Records from a data source |
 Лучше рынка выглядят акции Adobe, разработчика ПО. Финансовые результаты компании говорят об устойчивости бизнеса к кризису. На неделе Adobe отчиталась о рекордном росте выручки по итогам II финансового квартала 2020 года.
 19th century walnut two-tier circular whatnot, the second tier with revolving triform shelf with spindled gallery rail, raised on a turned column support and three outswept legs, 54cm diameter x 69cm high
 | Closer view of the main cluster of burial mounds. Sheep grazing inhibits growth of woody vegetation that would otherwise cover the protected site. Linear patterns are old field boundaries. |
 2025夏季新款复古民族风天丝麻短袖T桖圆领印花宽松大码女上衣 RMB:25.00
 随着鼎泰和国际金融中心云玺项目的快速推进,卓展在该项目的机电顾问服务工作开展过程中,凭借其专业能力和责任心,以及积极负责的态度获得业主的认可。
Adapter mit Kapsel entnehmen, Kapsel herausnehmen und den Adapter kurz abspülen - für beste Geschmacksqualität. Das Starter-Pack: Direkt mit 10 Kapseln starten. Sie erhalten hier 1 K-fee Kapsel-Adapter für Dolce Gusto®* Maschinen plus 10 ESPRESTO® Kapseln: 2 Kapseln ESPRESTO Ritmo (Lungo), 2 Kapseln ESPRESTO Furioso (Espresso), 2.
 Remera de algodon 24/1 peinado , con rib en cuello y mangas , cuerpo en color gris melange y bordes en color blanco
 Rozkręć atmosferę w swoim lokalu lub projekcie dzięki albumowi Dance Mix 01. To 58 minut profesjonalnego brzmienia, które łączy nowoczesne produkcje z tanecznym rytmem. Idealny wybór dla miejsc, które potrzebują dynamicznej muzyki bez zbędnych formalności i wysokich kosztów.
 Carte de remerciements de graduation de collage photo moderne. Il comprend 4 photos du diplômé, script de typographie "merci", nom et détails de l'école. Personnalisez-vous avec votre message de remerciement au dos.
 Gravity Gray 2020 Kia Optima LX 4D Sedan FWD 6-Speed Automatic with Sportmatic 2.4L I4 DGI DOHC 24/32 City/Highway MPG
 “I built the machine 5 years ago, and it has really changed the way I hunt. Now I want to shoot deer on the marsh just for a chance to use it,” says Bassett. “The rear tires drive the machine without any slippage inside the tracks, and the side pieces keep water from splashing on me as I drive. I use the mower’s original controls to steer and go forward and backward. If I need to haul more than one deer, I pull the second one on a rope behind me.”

WORK TASK | Show every line from the entries above in which "second" appears.

RESPONSE TO THIS TASK |
 19th century walnut two-tier circular whatnot, the second tier with revolving triform shelf with spindled gallery rail, raised on a turned column support and three outswept legs, 54cm diameter x 69cm high
 “I built the machine 5 years ago, and it has really changed the way I hunt. Now I want to shoot deer on the marsh just for a chance to use it,” says Bassett. “The rear tires drive the machine without any slippage inside the tracks, and the side pieces keep water from splashing on me as I drive. I use the mower’s original controls to steer and go forward and backward. If I need to haul more than one deer, I pull the second one on a rope behind me.”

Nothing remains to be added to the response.